- Your assignment
Make an exact copy of the entries below, with all images left out.
┄┄┄┄┄┄
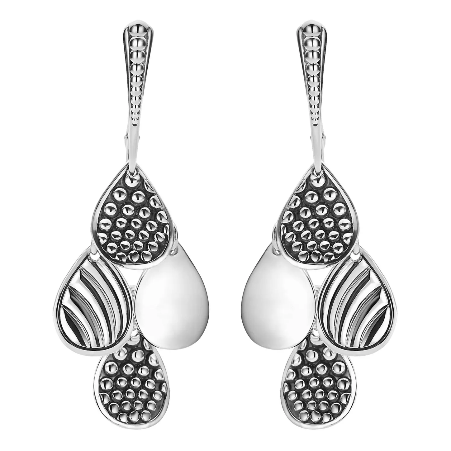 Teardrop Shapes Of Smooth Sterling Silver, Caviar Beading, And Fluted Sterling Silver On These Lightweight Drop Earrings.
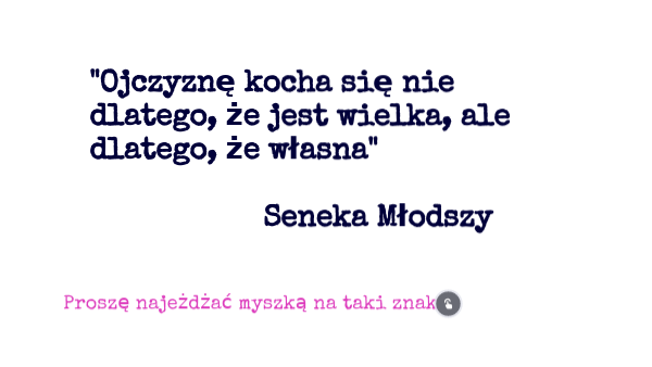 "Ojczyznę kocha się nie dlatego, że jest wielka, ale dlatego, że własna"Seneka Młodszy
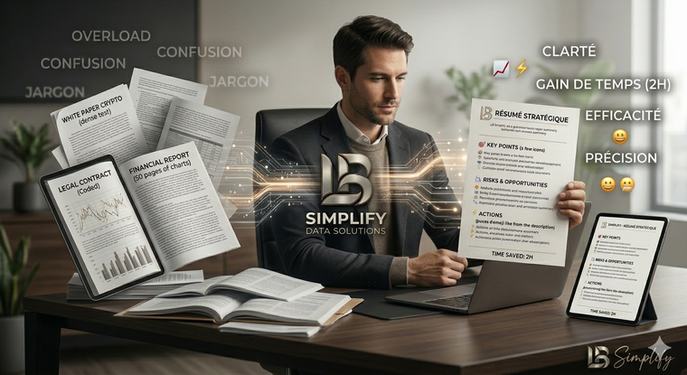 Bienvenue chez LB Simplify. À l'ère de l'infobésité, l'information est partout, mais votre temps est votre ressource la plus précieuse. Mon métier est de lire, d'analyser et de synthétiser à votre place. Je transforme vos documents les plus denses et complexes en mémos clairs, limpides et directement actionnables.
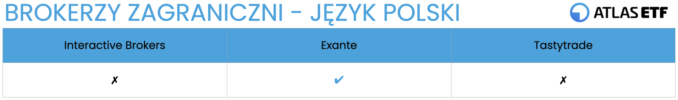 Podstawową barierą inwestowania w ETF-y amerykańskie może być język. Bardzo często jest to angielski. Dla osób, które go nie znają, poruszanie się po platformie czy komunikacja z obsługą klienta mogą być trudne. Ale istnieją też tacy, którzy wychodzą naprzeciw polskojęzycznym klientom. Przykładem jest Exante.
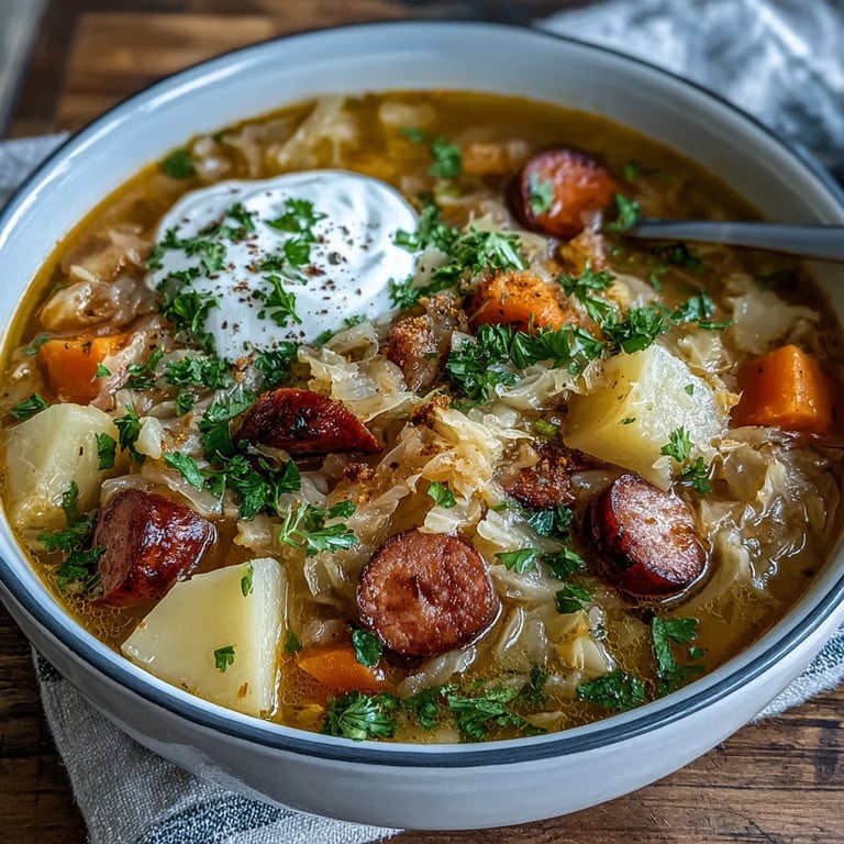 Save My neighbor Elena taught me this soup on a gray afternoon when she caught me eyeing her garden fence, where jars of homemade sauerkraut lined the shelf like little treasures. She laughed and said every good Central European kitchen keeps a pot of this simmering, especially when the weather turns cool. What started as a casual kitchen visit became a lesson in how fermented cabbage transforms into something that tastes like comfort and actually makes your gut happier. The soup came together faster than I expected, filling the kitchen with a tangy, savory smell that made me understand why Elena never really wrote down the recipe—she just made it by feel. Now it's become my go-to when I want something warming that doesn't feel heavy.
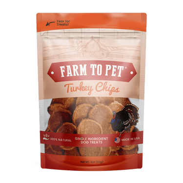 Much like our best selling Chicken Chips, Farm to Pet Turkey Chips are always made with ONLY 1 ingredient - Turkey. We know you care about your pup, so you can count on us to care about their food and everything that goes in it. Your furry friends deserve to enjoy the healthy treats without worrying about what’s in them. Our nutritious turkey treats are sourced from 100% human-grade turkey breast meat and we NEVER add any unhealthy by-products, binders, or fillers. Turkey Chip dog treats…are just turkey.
┄┄┄┄┄┄
- Output for this exercise
 Teardrop Shapes Of Smooth Sterling Silver, Caviar Beading, And Fluted Sterling Silver On These Lightweight Drop Earrings.
 "Ojczyznę kocha się nie dlatego, że jest wielka, ale dlatego, że własna"Seneka Młodszy
 Bienvenue chez LB Simplify. À l'ère de l'infobésité, l'information est partout, mais votre temps est votre ressource la plus précieuse. Mon métier est de lire, d'analyser et de synthétiser à votre place. Je transforme vos documents les plus denses et complexes en mémos clairs, limpides et directement actionnables.
 Podstawową barierą inwestowania w ETF-y amerykańskie może być język. Bardzo często jest to angielski. Dla osób, które go nie znają, poruszanie się po platformie czy komunikacja z obsługą klienta mogą być trudne. Ale istnieją też tacy, którzy wychodzą naprzeciw polskojęzycznym klientom. Przykładem jest Exante.
 Save My neighbor Elena taught me this soup on a gray afternoon when she caught me eyeing her garden fence, where jars of homemade sauerkraut lined the shelf like little treasures. She laughed and said every good Central European kitchen keeps a pot of this simmering, especially when the weather turns cool. What started as a casual kitchen visit became a lesson in how fermented cabbage transforms into something that tastes like comfort and actually makes your gut happier. The soup came together faster than I expected, filling the kitchen with a tangy, savory smell that made me understand why Elena never really wrote down the recipe—she just made it by feel. Now it's become my go-to when I want something warming that doesn't feel heavy.
 Much like our best selling Chicken Chips, Farm to Pet Turkey Chips are always made with ONLY 1 ingredient - Turkey. We know you care about your pup, so you can count on us to care about their food and everything that goes in it. Your furry friends deserve to enjoy the healthy treats without worrying about what’s in them. Our nutritious turkey treats are sourced from 100% human-grade turkey breast meat and we NEVER add any unhealthy by-products, binders, or fillers. Turkey Chip dog treats…are just turkey.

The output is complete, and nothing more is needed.